• Task to carry out: Verbatim repeat, images excluded. Give each entry again as written.

• Extracted information:
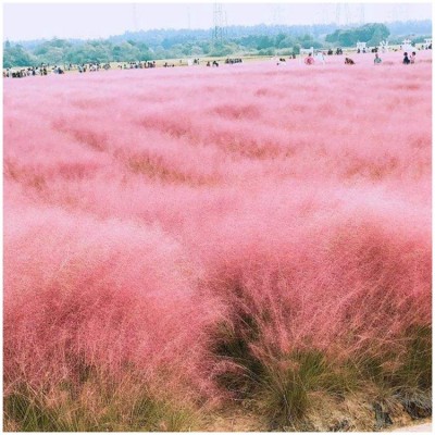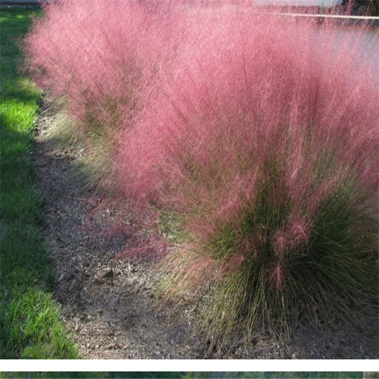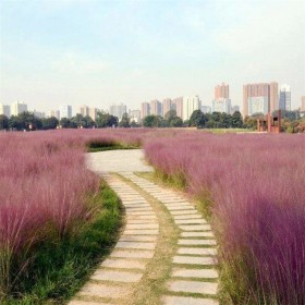 粉黛亂子草(學(xué)名:Muhlenbergia capillaris(Lam.) Trin.):多年生暖季型草本,株高可達30-90厘米,寬可達60-90厘米。頂端呈拱形,綠色葉片纖細。頂生云霧狀粉色花絮,花期 9-11 月,成片種植可呈現(xiàn)出粉色云霧海洋的壯觀景色,景觀可由9月份一直持續(xù)至11月中旬,觀賞效果好。
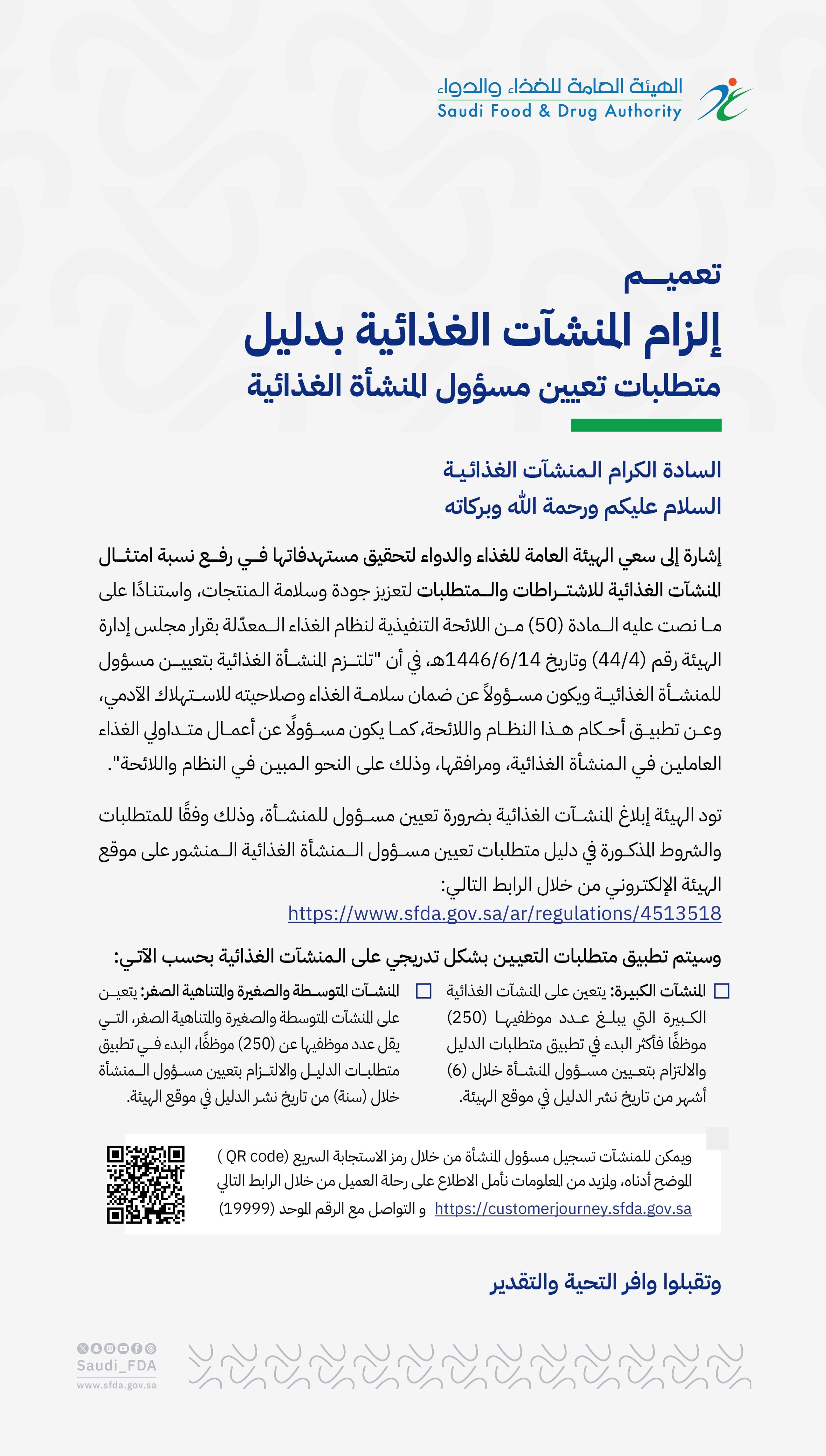 إلزام المنشآت الغذائية بدليل متطلبات تعيين مسؤول المنشأة الغذائية
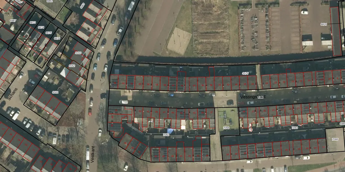 Het perceel waarop Vestingstraat 44 staat heeft een oppervlakte van 2150 m². Dit is een zeer groot perceel. De perceeloppervlakte wordt geregistreerd door het Kadaster. Gedetailleerde informatie over de maten van dit perceel kunt u vinden in het rapport Kadastrale kaart met maatvoering van Vestingstraat 44.
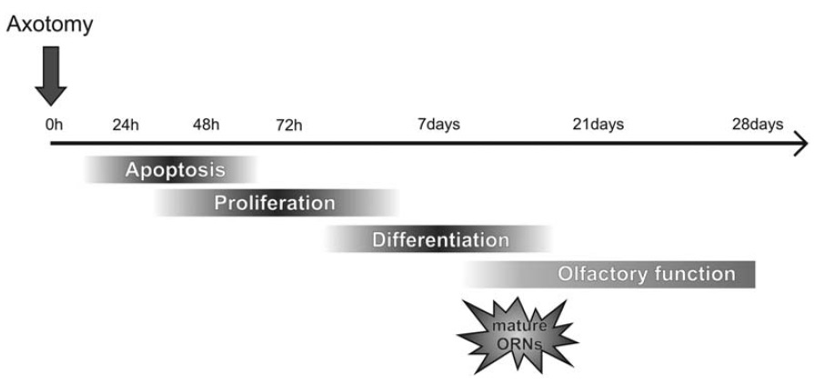 axotomy of the olfactory nerves is summarized in a timeline. The points on the timeline represent
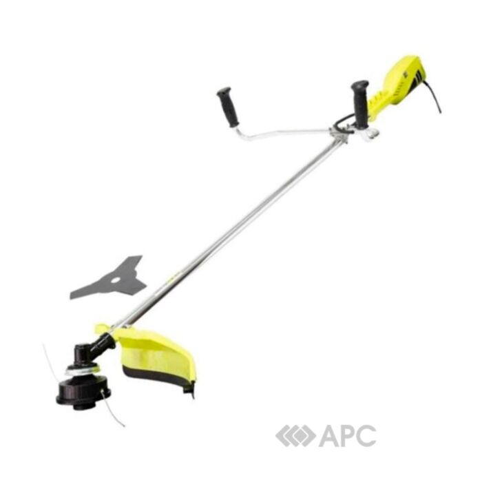 Электрический триммер укомплектован специальной ручкой и цельной алюминиевой штангой, обеспечивающей долговечность агрегата, роторной режущей системой с шириной захвата 420 мм и электрическим двигателем мощностью 2000 Вт.
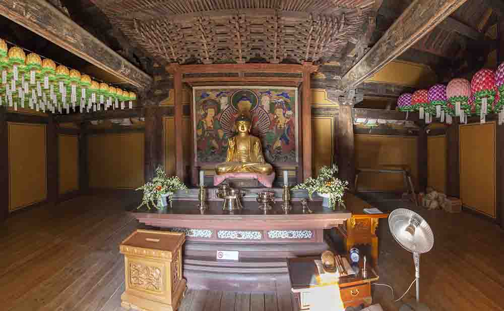 앞3칸·옆2칸 주심포 맞배지붕; 보물449호;  극락전 앞 동쪽에 위치한 조선전기에 중수한 건물로, 한국 전통 건축에서 가장 오래된 양식 중 하나인 주심포이며 익공에 가까운 배치방식을 보이기도 합니다. 여러 건축기법을 이용해 짜임새 있게 구성된 건물이며, 현재 승님이 기거하시는 요사채로 사용되고 있습니다.
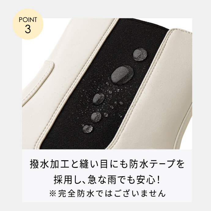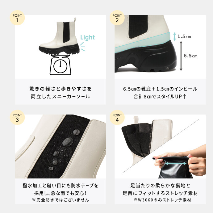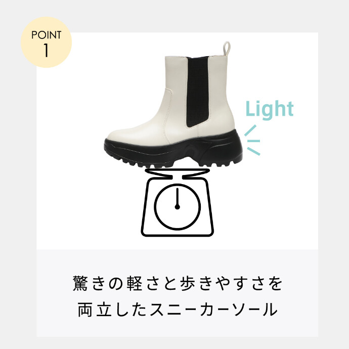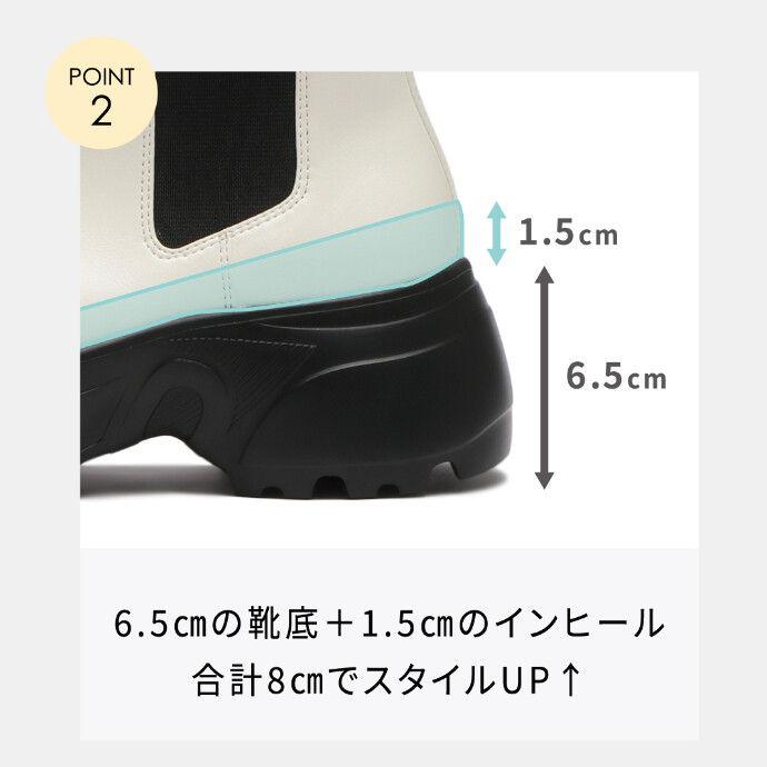 ー雑誌LEE監修ースタイリスト高橋美帆さん・ABC-MARTとのトリプルコラボモデル第二弾~機能満載スニーカーブーツ~王道のBLACKと抜け感満載のWHITEの2色展開。内側ファスナーで着脱のしやすさの強化しました。【軽量スニーカーソール】ボリューム感をだしつつ軽量ソールで快適な履き心地を実現【晴雨兼用】撥水加工仕様で急な雨も安心。【厚底+インヒール】スタイルUPを叶えるスニーカーソールは6.5cm。1.5cmのインヒール搭載。履いた瞬間ふわっと感じる柔らかいインソールは蒸れやすいブーツに合わせた抗菌消臭機能付き。【足あたり柔らか素材】内側は柔らかなジャージ素材を搭載。アッパーはシボ感とリッチな光沢でレザーのような質感を表現し、きちんと見えと快適さを両立。

• Answer below:
 粉黛亂子草(學(xué)名:Muhlenbergia capillaris(Lam.) Trin.):多年生暖季型草本,株高可達30-90厘米,寬可達60-90厘米。頂端呈拱形,綠色葉片纖細。頂生云霧狀粉色花絮,花期 9-11 月,成片種植可呈現(xiàn)出粉色云霧海洋的壯觀景色,景觀可由9月份一直持續(xù)至11月中旬,觀賞效果好。
 إلزام المنشآت الغذائية بدليل متطلبات تعيين مسؤول المنشأة الغذائية
 Het perceel waarop Vestingstraat 44 staat heeft een oppervlakte van 2150 m². Dit is een zeer groot perceel. De perceeloppervlakte wordt geregistreerd door het Kadaster. Gedetailleerde informatie over de maten van dit perceel kunt u vinden in het rapport Kadastrale kaart met maatvoering van Vestingstraat 44.
 axotomy of the olfactory nerves is summarized in a timeline. The points on the timeline represent
 Электрический триммер укомплектован специальной ручкой и цельной алюминиевой штангой, обеспечивающей долговечность агрегата, роторной режущей системой с шириной захвата 420 мм и электрическим двигателем мощностью 2000 Вт.
 앞3칸·옆2칸 주심포 맞배지붕; 보물449호;  극락전 앞 동쪽에 위치한 조선전기에 중수한 건물로, 한국 전통 건축에서 가장 오래된 양식 중 하나인 주심포이며 익공에 가까운 배치방식을 보이기도 합니다. 여러 건축기법을 이용해 짜임새 있게 구성된 건물이며, 현재 승님이 기거하시는 요사채로 사용되고 있습니다.
 ー雑誌LEE監修ースタイリスト高橋美帆さん・ABC-MARTとのトリプルコラボモデル第二弾~機能満載スニーカーブーツ~王道のBLACKと抜け感満載のWHITEの2色展開。内側ファスナーで着脱のしやすさの強化しました。【軽量スニーカーソール】ボリューム感をだしつつ軽量ソールで快適な履き心地を実現【晴雨兼用】撥水加工仕様で急な雨も安心。【厚底+インヒール】スタイルUPを叶えるスニーカーソールは6.5cm。1.5cmのインヒール搭載。履いた瞬間ふわっと感じる柔らかいインソールは蒸れやすいブーツに合わせた抗菌消臭機能付き。【足あたり柔らか素材】内側は柔らかなジャージ素材を搭載。アッパーはシボ感とリッチな光沢でレザーのような質感を表現し、きちんと見えと快適さを両立。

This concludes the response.